Works with any domain requiring continuous learning + knowledge evolution: software engineering, music production, design, medical diagnosis, legal analysis, etc. Any scenario with an "expert teaches → student practices → gradual internalization" knowledge transfer pattern.
Claude starts every conversation from zero. In professional apprenticeship-style teaching:
- Expert lessons are forgotten — context compaction drops critical lessons, same mistakes repeat
- AI fabricates terminology — without ground truth, it over-generalizes from single demonstrations
- Knowledge can't evolve — new teachings can't replace contradicted old knowledge
- Search is path-dependent — rephrasing a question yields no results
- Forever a student — no mechanism for the AI's own discoveries to become durable knowledge
cd mcp/knowledge-graph
npm installOn first startup, the Qwen3-Embedding-0.6B ONNX model (~560MB) is automatically downloaded (one-time only).
In your project's .mcp.json:
{
"mcpServers": {
"knowledge-graph": {
"command": "node",
"args": ["/absolute/path/to/mcp/knowledge-graph/main.js"]
}
}
}Add hooks to ~/.claude/settings.json (see Hooks section for full configuration).

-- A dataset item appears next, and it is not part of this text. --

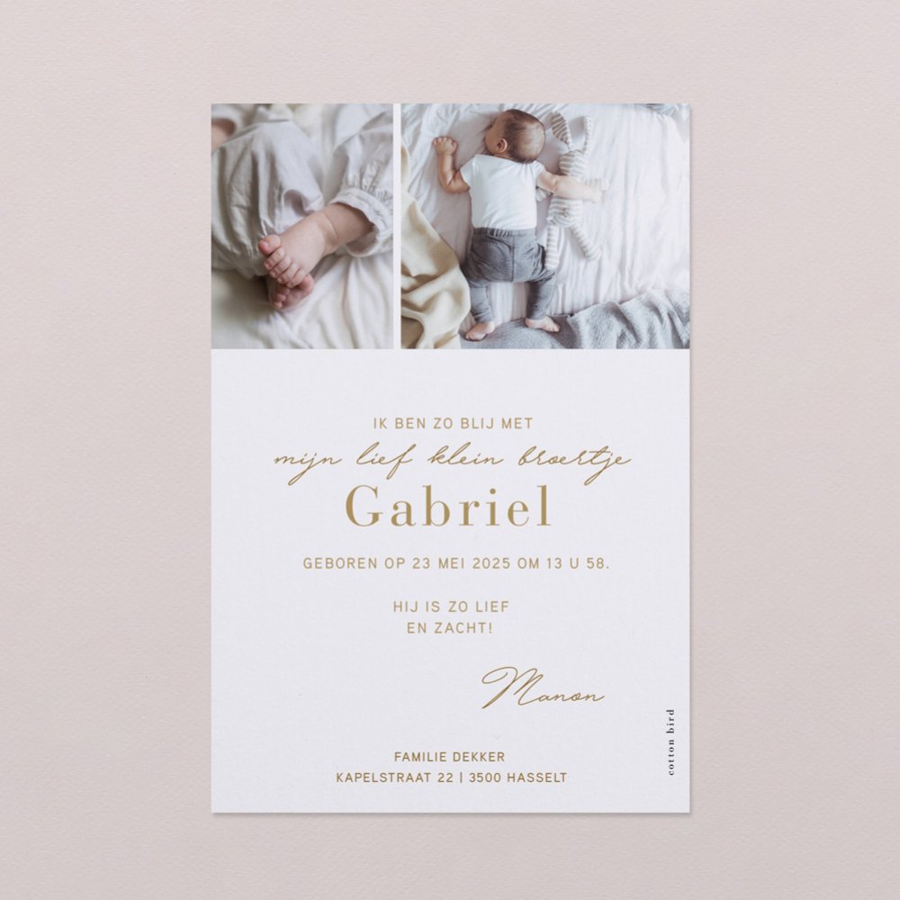 Eenvoud straalt met deze minimalistische geboortekaart waar alle aandacht gaat naar de mooiste foto's van jullie kindje. Afgewerkt met een touch of gold voor het aankondigen van een uniek moment als een geboorte met het model Caspar.
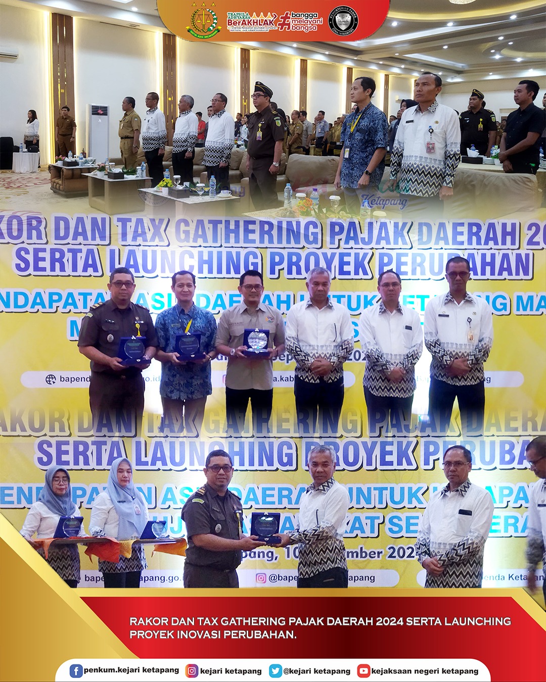 Kepala Kejaksaan Negeri Ketapang diwakili oleh Kaur TU, Kepegawaian, Keuangan dan PNBP, Bapak Efga Rinosya, A.Md., serta Bendahara Pengeluaran, Bapak Pratama Burly, S.H., menghadiri undangan Rakor dan Tax Gathering Pajak Daerah 2024 Serta Launching Proyek Inovasi Perubahan.

node scripts/import-skills.js # Import markdown files as KG nodes
node scripts/backfill-embeddings.js # Add vector indexes + structural edges
node scripts/backfill-decay.js # Add stability + memory_level + categoryAfter researching 25+ Claude Code memory systems (Claude-Recall, A-MEM, Mnemon, Graphiti, memsearch, etc.), none simultaneously satisfied:
| Requirement | Existing Solutions | This System |
|---|---|---|
| Domain-specific edge types | Generic edges only | 10 semantic edge types (must_precede, aligns_to, etc.) |
| Trust level distinction | No source differentiation | principle (expert-taught) > pattern (observed) > inference (AI-guessed) |
| Anti-fabrication | No protection | principle requires expert's exact quote |
| Fundamentals vs creative space | Treated equally | fundamental never decays, creative is challengeable |
| Memory decay + growth path | Decay exists but no growth | FSRS desirable difficulty + Benna-Fusi 4-level cascade |
| Automation | Depends on user action | 6 hooks covering full lifecycle |
| Source | What We Borrowed |
|---|---|
| Claude-Recall | Hook architecture (search enforcer, correction detector) |
| A-MEM | Edge data model (relation_type + reasoning + weight) |
| CortexGraph | Two-component decay (fast + slow exponential, more realistic than single decay) |
| FSRS (Anki) | Desirable difficulty (fading memories gain MORE stability when recalled) |
| Benna-Fusi | Memory cascade (4-level durability, independent of knowledge source) |
| Stanford Generative Agents | Three-signal retrieval (recency + importance + relevance) |
| Graphiti/Zep | Temporal awareness (valid_from / valid_until) |
┌──────────────────────────────────────────────────┐
│ Layer 1: Persona (CLAUDE.md) │
│ Agent identity + behavioral rules │
│ → Loaded every turn for consistent behavior │
├──────────────────────────────────────────────────┤
│ Layer 2: Memory (Knowledge Graph MCP) │
│ SQLite + sqlite-vec + FTS5 │
│ 12 MCP tools + hybrid search │
│ → On-demand, doesn't consume context │
├──────────────────────────────────────────────────┤
│ Layer 3: Automation (Hooks) │
│ 6 hooks covering full lifecycle │
│ → Expert doesn't need to remind, fully automatic │
└──────────────────────────────────────────────────┘
Apprentice phase: Expert's words carry highest weight → learn fundamentals
Growth phase: Own observations get validated → develop judgment
Expert phase: Own inferences confirmed by practice → form independent views
Trust is a source label (who said it), not a permanent rank. AI's own validated knowledge can become equally durable.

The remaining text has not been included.